▶ **MATERIAL FOR THIS TASK**
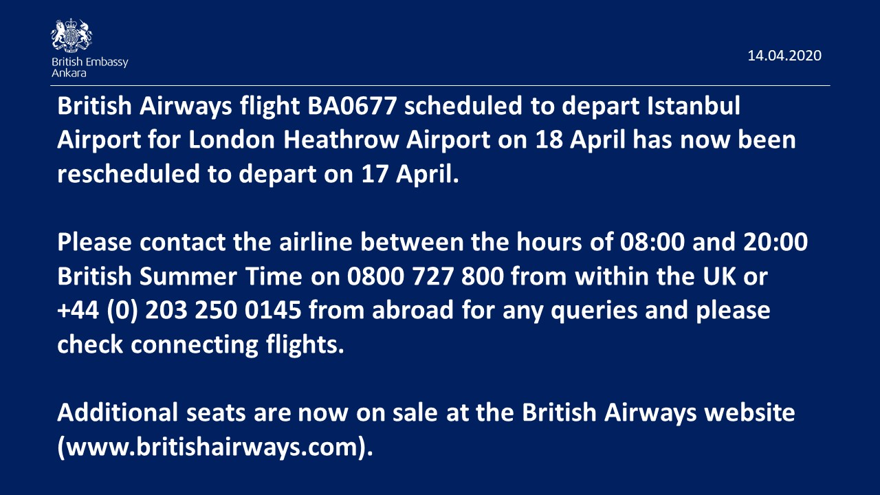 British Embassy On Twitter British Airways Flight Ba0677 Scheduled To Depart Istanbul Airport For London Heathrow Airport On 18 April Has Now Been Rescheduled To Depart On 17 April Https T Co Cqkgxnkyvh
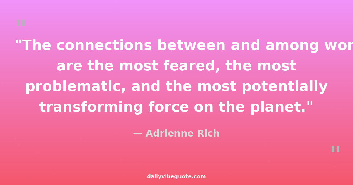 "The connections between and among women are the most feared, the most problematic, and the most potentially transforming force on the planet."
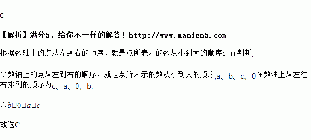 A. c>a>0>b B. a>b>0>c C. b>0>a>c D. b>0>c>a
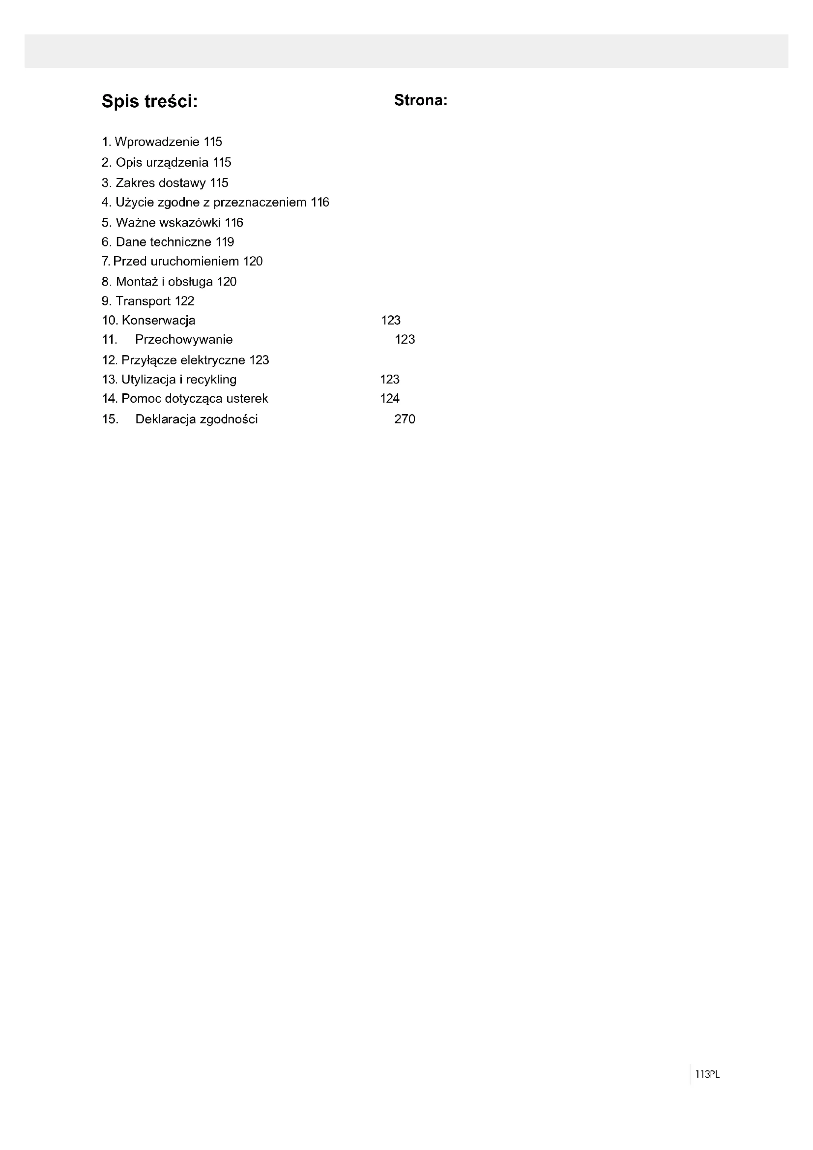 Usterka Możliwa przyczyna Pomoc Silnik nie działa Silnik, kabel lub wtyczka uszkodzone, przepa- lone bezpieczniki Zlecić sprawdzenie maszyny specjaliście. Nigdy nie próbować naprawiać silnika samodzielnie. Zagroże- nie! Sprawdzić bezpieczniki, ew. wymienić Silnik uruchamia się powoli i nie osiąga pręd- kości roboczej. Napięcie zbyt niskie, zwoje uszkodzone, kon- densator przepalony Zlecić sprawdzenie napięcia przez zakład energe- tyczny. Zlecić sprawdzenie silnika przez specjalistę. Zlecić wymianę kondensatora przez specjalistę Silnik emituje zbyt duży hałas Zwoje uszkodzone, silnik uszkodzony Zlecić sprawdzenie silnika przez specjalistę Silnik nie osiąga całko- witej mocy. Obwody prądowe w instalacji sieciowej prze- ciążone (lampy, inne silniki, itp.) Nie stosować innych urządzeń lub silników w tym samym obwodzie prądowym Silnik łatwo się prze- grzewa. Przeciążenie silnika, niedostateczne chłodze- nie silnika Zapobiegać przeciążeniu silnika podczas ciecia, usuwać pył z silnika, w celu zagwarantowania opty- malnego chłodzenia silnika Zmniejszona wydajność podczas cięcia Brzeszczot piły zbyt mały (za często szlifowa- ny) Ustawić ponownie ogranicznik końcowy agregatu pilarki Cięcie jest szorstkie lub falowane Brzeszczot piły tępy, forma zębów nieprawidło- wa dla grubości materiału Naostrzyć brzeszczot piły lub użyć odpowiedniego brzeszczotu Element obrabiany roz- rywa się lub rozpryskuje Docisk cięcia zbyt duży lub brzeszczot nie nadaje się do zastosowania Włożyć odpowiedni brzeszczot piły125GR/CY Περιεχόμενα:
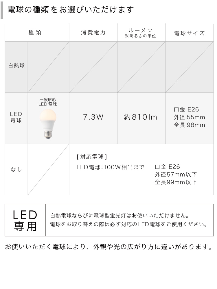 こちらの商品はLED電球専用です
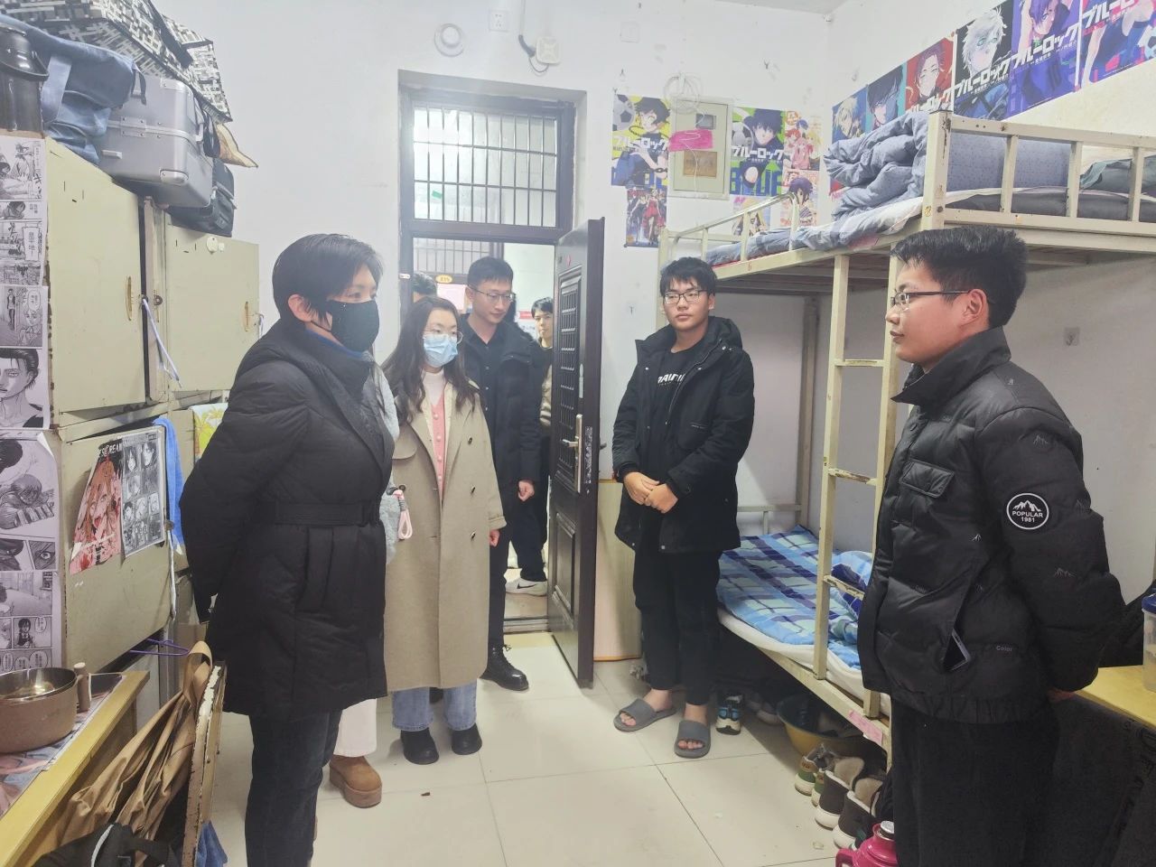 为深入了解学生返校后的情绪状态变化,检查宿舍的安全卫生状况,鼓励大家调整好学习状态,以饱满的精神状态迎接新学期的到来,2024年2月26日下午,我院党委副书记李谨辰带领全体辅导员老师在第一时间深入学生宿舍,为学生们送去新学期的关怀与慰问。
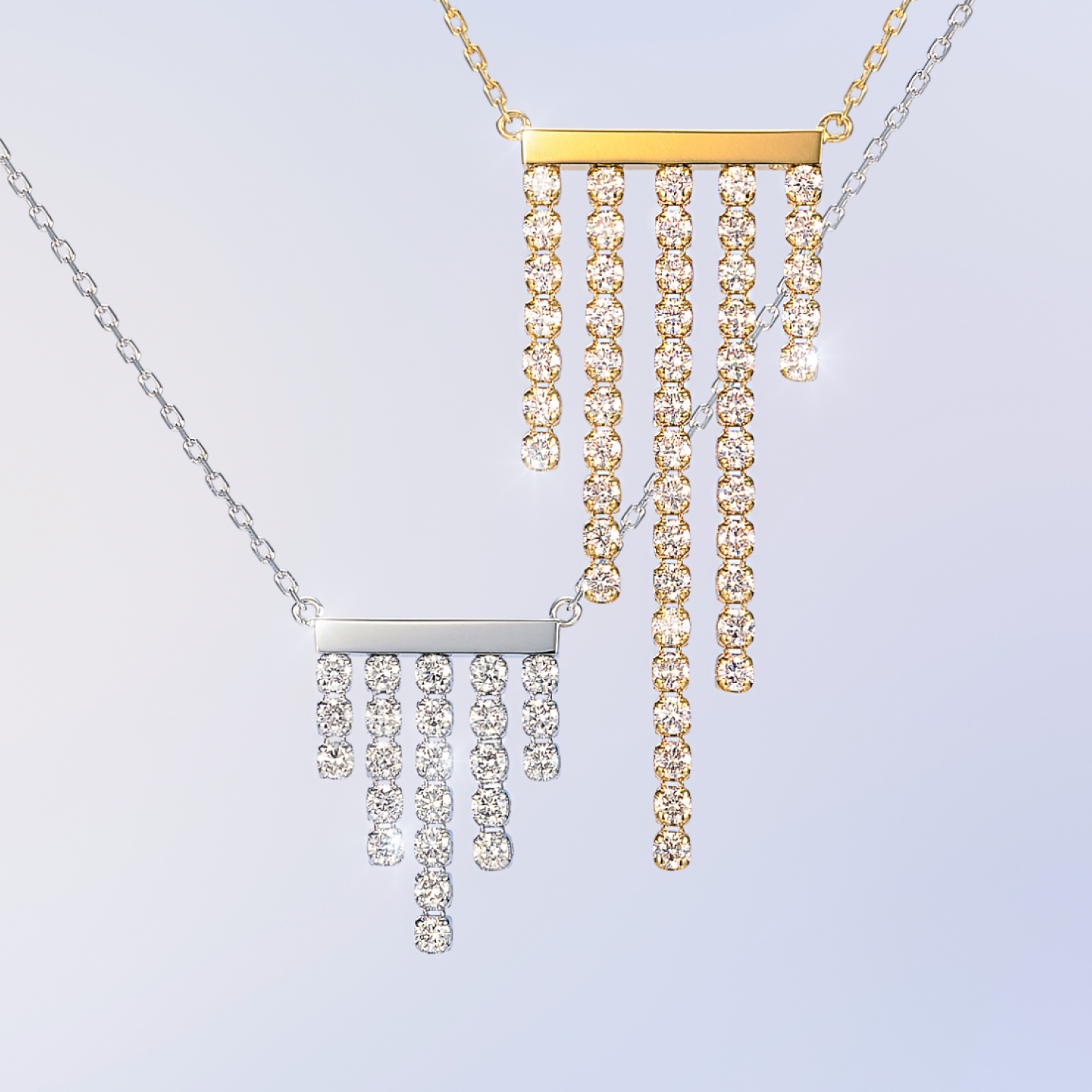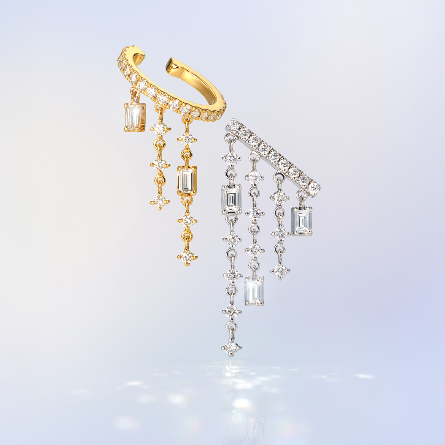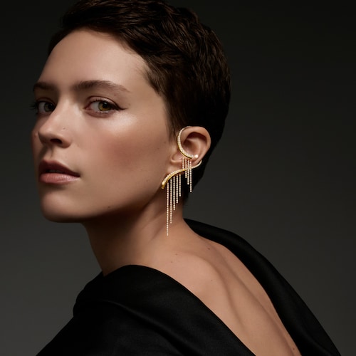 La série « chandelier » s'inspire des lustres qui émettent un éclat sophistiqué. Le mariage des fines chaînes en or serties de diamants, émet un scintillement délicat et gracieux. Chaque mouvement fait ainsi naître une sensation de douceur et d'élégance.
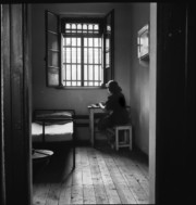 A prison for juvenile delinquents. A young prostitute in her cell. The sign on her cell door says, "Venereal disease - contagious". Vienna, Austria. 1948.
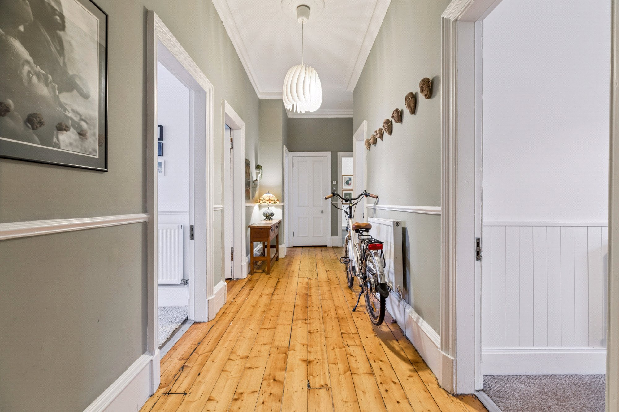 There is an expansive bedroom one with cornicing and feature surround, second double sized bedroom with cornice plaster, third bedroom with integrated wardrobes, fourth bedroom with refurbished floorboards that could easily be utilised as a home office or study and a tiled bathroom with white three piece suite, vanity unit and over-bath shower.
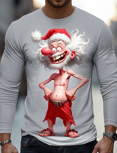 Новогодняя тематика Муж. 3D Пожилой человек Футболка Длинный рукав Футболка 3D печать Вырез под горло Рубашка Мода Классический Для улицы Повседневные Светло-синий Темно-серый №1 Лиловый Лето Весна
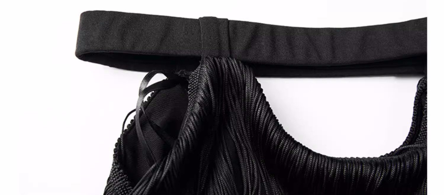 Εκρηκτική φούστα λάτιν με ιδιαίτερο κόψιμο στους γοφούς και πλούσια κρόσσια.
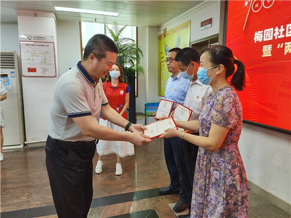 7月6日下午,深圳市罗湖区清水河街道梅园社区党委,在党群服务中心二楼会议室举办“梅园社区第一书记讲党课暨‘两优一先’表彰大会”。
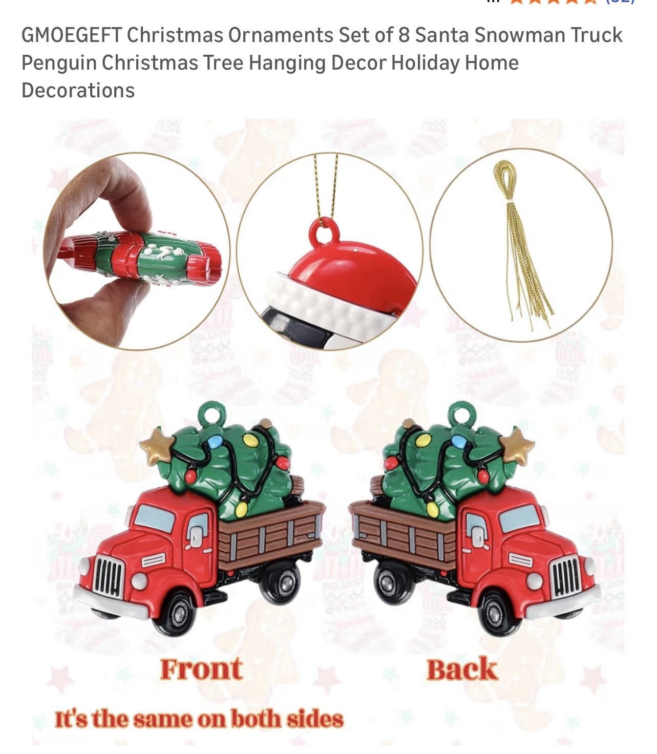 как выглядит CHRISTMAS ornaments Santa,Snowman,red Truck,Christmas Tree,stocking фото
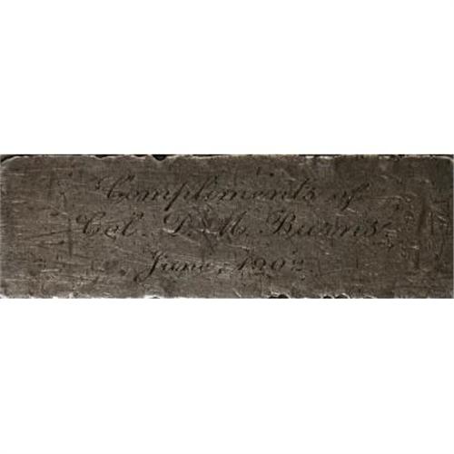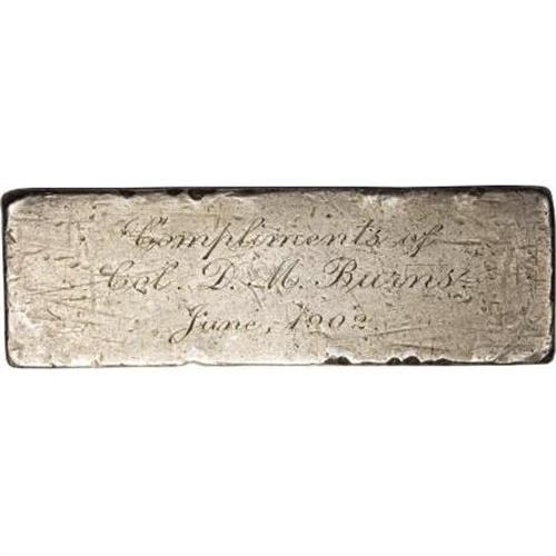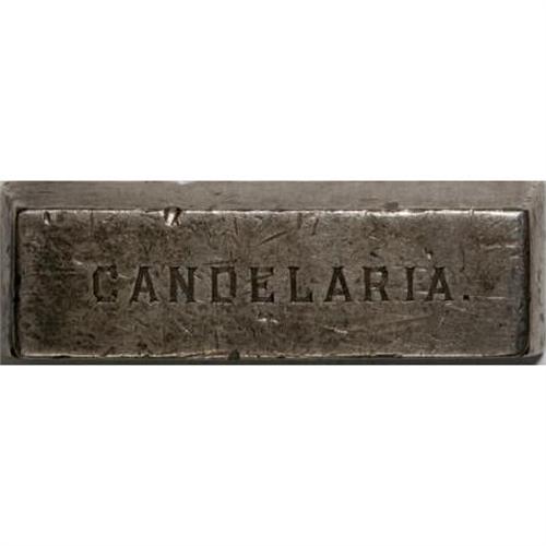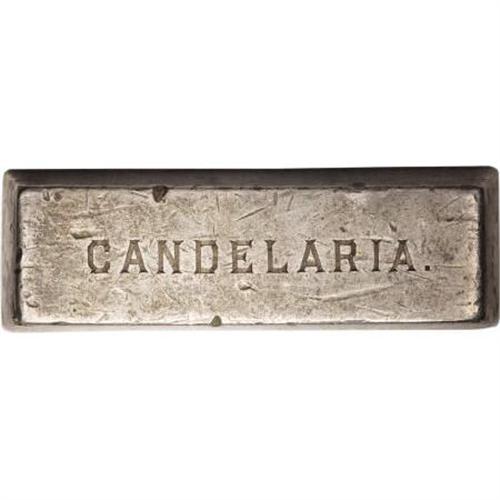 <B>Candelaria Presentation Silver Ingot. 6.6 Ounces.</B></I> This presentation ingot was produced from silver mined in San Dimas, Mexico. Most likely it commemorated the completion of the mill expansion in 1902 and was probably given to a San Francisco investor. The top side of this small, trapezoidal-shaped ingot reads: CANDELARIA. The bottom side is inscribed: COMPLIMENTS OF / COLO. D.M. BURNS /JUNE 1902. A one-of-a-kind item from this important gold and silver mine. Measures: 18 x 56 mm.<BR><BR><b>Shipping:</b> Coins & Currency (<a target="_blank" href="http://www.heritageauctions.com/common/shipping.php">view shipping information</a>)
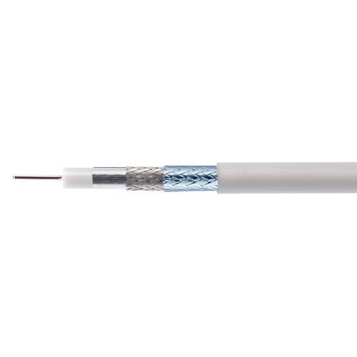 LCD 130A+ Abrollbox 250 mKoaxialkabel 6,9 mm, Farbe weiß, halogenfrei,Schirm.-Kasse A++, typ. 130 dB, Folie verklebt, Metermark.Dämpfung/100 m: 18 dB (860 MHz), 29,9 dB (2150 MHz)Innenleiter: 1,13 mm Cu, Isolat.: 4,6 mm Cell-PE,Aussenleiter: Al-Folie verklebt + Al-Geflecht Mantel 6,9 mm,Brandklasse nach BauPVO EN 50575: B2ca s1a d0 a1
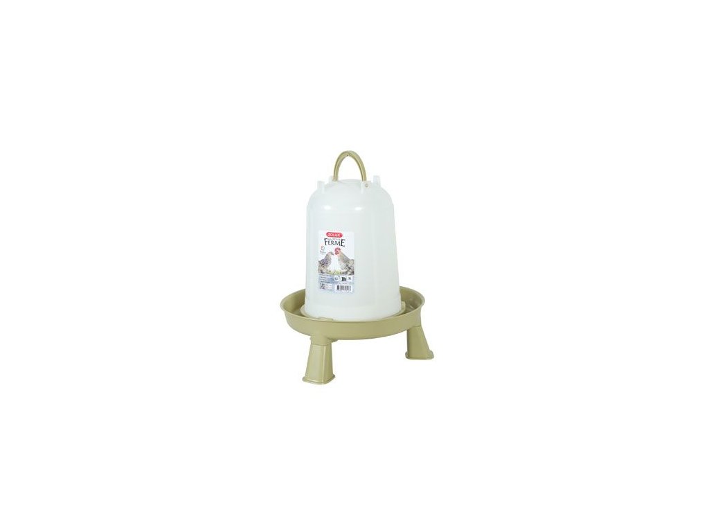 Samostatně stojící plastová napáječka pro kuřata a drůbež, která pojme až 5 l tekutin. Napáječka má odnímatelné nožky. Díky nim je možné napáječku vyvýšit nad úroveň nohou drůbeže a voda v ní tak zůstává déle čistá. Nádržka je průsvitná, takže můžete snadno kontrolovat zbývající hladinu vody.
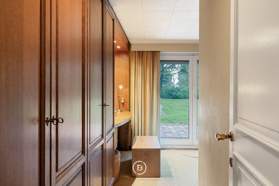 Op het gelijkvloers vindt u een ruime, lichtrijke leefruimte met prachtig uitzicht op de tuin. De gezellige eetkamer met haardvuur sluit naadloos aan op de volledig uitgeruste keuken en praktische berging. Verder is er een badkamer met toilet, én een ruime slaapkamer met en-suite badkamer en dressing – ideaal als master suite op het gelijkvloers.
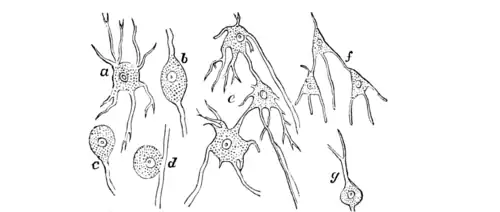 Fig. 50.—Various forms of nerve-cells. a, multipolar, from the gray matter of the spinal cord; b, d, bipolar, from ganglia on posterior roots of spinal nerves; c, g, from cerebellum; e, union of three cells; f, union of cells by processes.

▶ **TASK INSTRUCTIONS**
Repeat exactly the lines from the first line of the records above through the line containing "A. c>a>0>b B. a>b>0>c C. b>0>a>c D. b>0>c>a", leaving out the pictures.

▶ **EXERCISE OUTPUT**
 British Embassy On Twitter British Airways Flight Ba0677 Scheduled To Depart Istanbul Airport For London Heathrow Airport On 18 April Has Now Been Rescheduled To Depart On 17 April Https T Co Cqkgxnkyvh
 "The connections between and among women are the most feared, the most problematic, and the most potentially transforming force on the planet."
 A. c>a>0>b B. a>b>0>c C. b>0>a>c D. b>0>c>a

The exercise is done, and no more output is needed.